Приблизительно через полгода после того его жену задавил пустой – водитель отлучился в магазин – автобус. Машина сорвалась с тормозов и понеслась с горки вниз по улице, сокрушая всё на своём пути – легковушку, сапожную будку, двух прохожих…
Нет, не кричал он на её могиле: ура, свобода! И свободней с двумя детьми не стал.
Какая же язва я! Будто есть на свете идеальные семьи с правильными, без сучка и задоринки мужьями и жёнами. Кстати, одна из повестей Грача называется «Правильная жизнь». Не читал, о чём, интересно? А над названием, помню, посмеялся.

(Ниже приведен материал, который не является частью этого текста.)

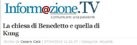 Un article d'un écrivain et philosophe italien, Cesare Catà (*), à propos de la lettre ouverte de Küng. (27/4/2010)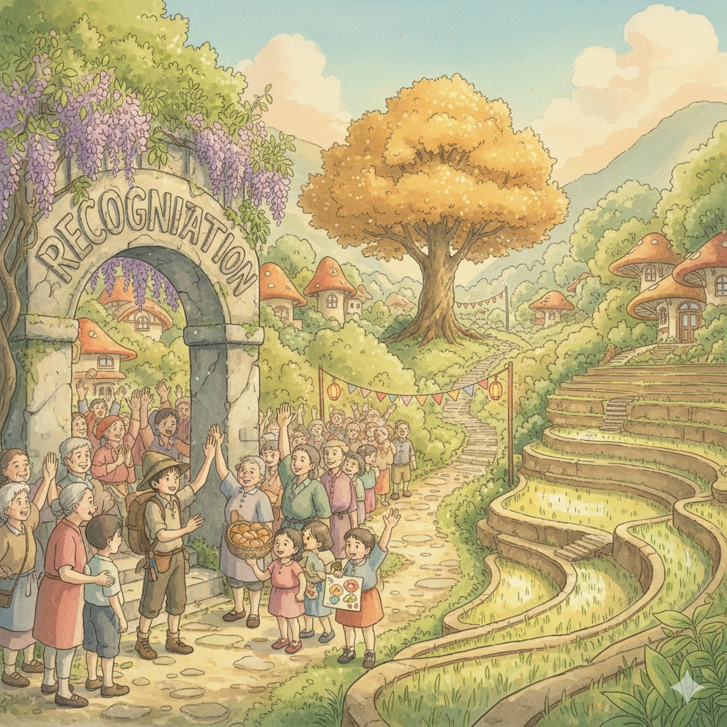 | 종합 뉘앙스 | 이전에 경험한 것을 바탕으로 사물이나 사람을 식별하거나, 타인의 가치를 공식적으로 인정하는 행위. | '재인지 및 공식 인정' |
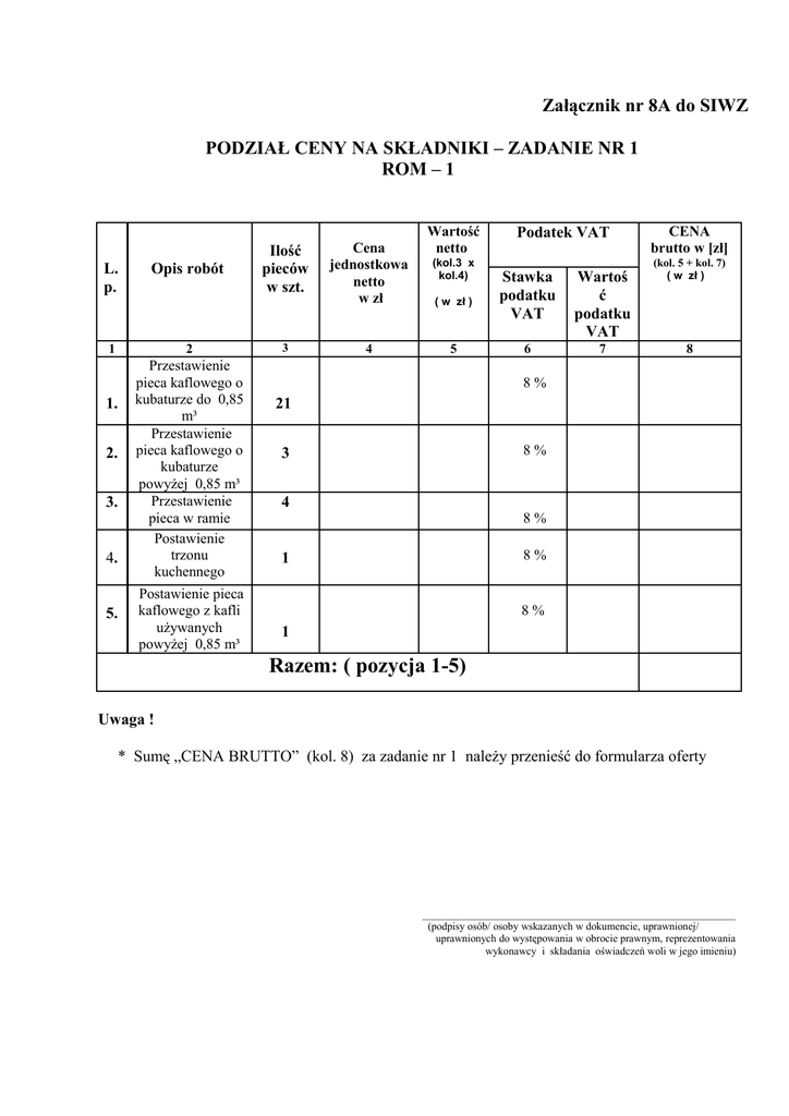 Załącznik nr 8A do SIWZ PODZIAŁ CENY NA SKŁADNIKI – ZADANIE NR 1 ROM – 1 L. p. Opis robót 1 2 1. Przestawienie pieca kaflowego o kubaturze do 0,85 m³ Przestawienie pieca kaflowego o kubaturze powyżej 0,85 m³ Przestawienie pieca w ramie Postawienie trzonu kuchennego 2. 3. 4. 5. Postawienie pieca kaflowego z kafli używanych powyżej 0,85 m³ Ilość pieców w szt. Cena jednostkowa netto w zł 3 4 Wartość netto (kol.3 x kol.4) ( w zł ) 5 Podatek VAT Stawka podatku VAT Wartoś ć podatku VAT 6 7 CENA brutto w [zł] (kol. 5 + kol. 7) ( w zł ) 8 8% 21 8% 3 4 8% 8% 1 8% 1 Razem: ( pozycja 1-5) Uwaga ! * Sumę „CENA BRUTTO” (kol. 8) za zadanie nr 1 należy przenieść do formularza oferty ___________________________________________________________ (podpisy osób/ osoby wskazanych w dokumencie, uprawnionej/ uprawnionych do występowania w obrocie prawnym, reprezentowania wykonawcy i składania oświadczeń woli w jego imieniu) Załącznik nr 8B do SIWZ PODZIAŁ CENY NA SKŁADNIKI – ZADANIE NR 2 ROM – 2 L .p . Opis robót 1 2 1. Przestawienie pieca kaflowego o kubaturze do 0,85 m³ 2. 3. 4. 5. Przestawienie pieca kaflowego o kubaturze powyżej 0,85 m³ Przestawienie pieca zabytkowego o kubaturze 1,16 m³ Postawienie pieca kaflowego z kafli używanych o kubaturze do 0,85 m³ Postawienie pieca w ramie Ilość pieców w szt. Cena jednostkowa netto w zł 3 4 Wartość netto (kol.3 x kol.4) ( w zł ) 5 Podatek VAT Stawka podatku VAT Wart ość podat ku VAT 6 7 CENA brutto w [zł] (kol. 5 + kol. 7) ( w zł ) 8 8% 20 7 8% 1 8% 6 8% 2 8% Razem: ( pozycja 1-5) Uwaga ! * Sumę „CENA BRUTTO” (kol. 8) za zadanie nr 2 należy przenieść do formularza oferty ___________________________________________________________ (podpisy osób/ osoby wskazanych w dokumencie, uprawnionej/ uprawnionych do występowania w obrocie prawnym, reprezentowania wykonawcy i składania oświadczeń woli w jego imieniu)

С Грачом остались семилетняя первоклассница-дочь и годовалый сынишка, чудные белокурые создания, капля от капли покойная матушка. Сперва он – грачиный шнобель, иссиня-чёрная шевелюра – пытался доказать, что светло-русая, нос пуговкой дочь похожа на него: разрез глаз, мол, ещё что-то… После трагической смерти этот больной вопрос как-то сам собою отпал. Нам же, друзьям и родственникам, с первого взгляда и без доказательств было ясно, чьим живым портретом были белобрысые и курносые грачата. Моя дочь ведь, между прочим, тоже светленькая. И сам я в детстве был как снегом припорошенный. С годами снег растаял, чтобы покрыть потом голову моего ребёнка. Цвет волос наших детей был первое время объектом плоских шуток особо умных острословов. У нас с Грачом они вызывали лишь снисходительную улыбку.
Тяжелее всех трагическую смерть перенесла дочь. Во время похорон с ней произошла истерика. Её отхаживали нашатырем и какими-то каплями, которые предусмотрительно прихватил отец.

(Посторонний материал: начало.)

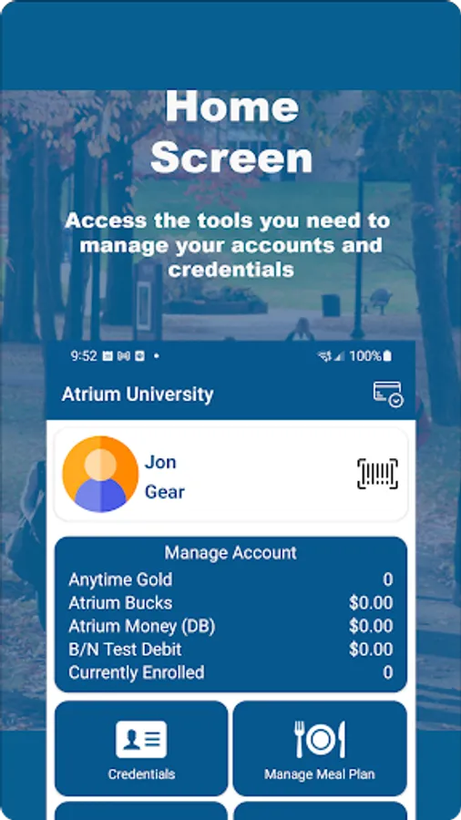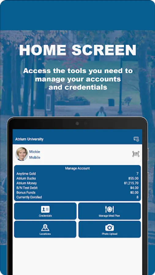 To download the app and activate your account, contact your campus ID card office for help.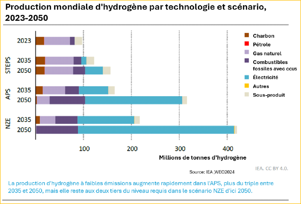 Sa production dépend aujourd’hui majoritaire des combustibles fossiles. Elle a atteint en 2023, 97 millions de tonnes (Mt) provenant principalement du gaz naturel (63%) et du charbon (20%) sans recours au CCUS (captage, stockage et utilisation du carbone). 16% tiennent de l’hydrogène dérivé.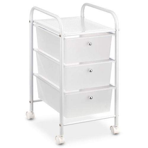 Caisson sur roulettes GINA, en métal laqué blanc avec 3 tiroirs en plastique blanc blanc Taille unique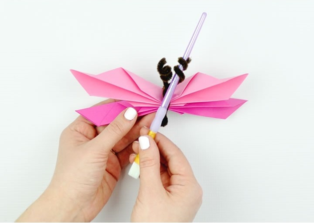 5. Свободные концы декоративной проволоки закрутите в виде спиральки, используя тонкий цилиндрический предмет, как ручка или карандаш, чтобы создать бабочке усики антенки.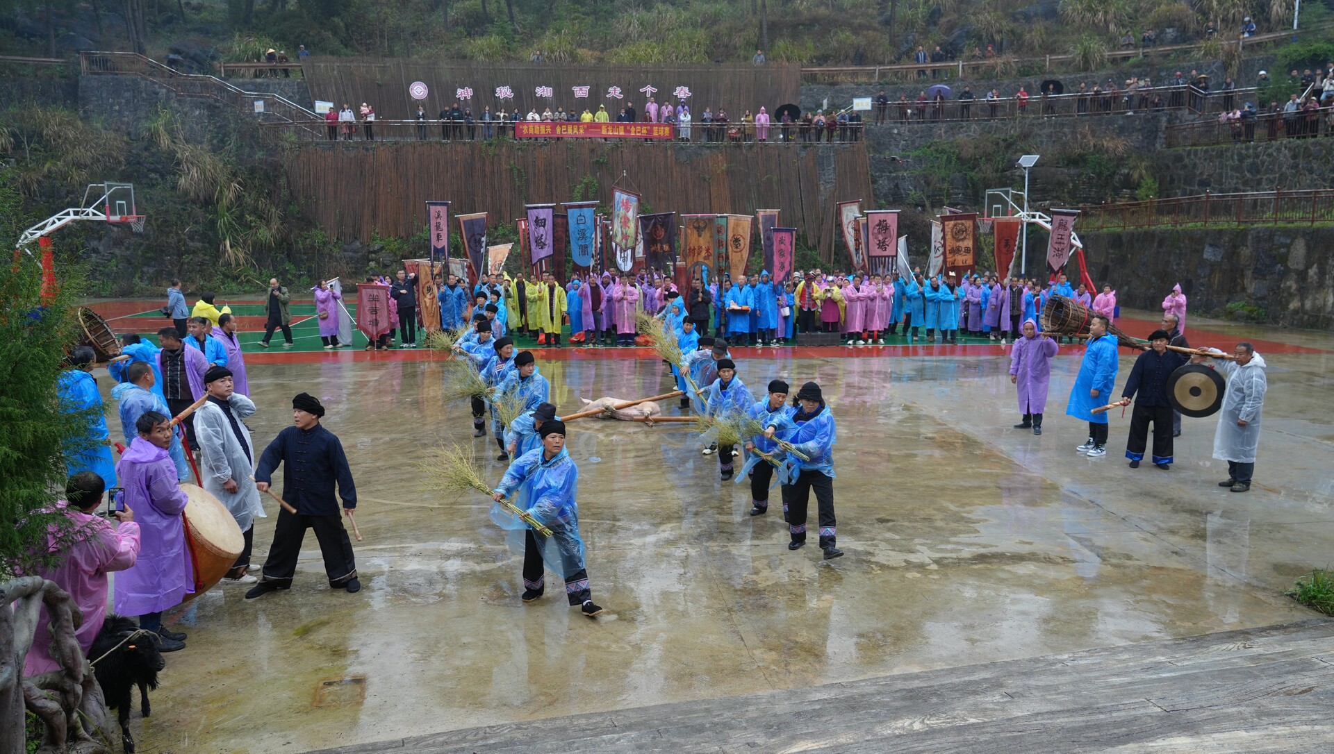 扫把舞的表演者手持扫把,以古朴刚健的动作挥洒腾挪,寓意扫除污秽、祈福纳祥,每一个舞步都藏着土家人的美好期许;梯玛队身着法衣、手持各式法器,踏着独特的罡步,伴着低沉的吟唱,仿佛与神灵隔空沟通,传递族人祈愿;毛古斯舞的表演者身披草裙、赤膊上阵,以原始质朴的装扮和动作,生动再现了土家先民狩猎、农耕的生活场景,作为 “土家族戏剧活化石”,一颦一笑、一招一式都引得现场观众连连叫好。

Время лечило медленно. Дочурка часто, особенно перед сном, вспоминала о матери. Она задавала такие вопросы, от которых мороз по коже пробегал: останутся ли у мамы целыми волосы, едят ли её червяки, а что если мама крепко-крепко уснула и под землёй проснётся? А порой ни с того ни с сего (ясно, с чего) начинала скулить и дрожать всем телом, как брошенный на холоде кутёнок.
Скоро отец строго-настрого запретил ей вести такие разговоры и стал самим же избалованное дитя загружать и перегружать домашней работой, которой без хозяйки оказалось невпроворот.
Осенью, с началом учебного года, забот прибавилось. Кроме общеобразовательной школы дочь занималась ещё и в музыкальной, и Грач всеми силами старался удержать жизнь семьи на прежнем уровне.
Жили в общем-то на сбережения, правильнее сказать, на деньги с распродажи домашнего имущества; на кое-какую врачебную практику, периодически я подкидывал шабашку – рецензии, обзоры писем, сценарии для самодеятельных коллективов богатеньких предприятий, а то и внаглую организовывал вывернувшиеся из-под фин. – бух. спуда дармовые деньги. Пособия? Курам на смех. И такая морока, чтобы получить их. Чуть ли не в женщину, чуть ли не из отца в мать заставляли превращаться. Одинокие отцы в нашем государстве, оказывается, не предусмотрены. Тут ещё жизнь со скоростью света стала дорожать, деньги обесцениваться. Но концы с концами Грач сводил. Тяжело вот было поспеть за всеми теперь своими обязанностями отца и матери. Как тут Герцена не вспомнить: преподавать с амвона, увлекать с трибуны, учить с кафедры гораздо легче, чем воспитывать одного ребёнка. А у него не один был… Зато сам он один.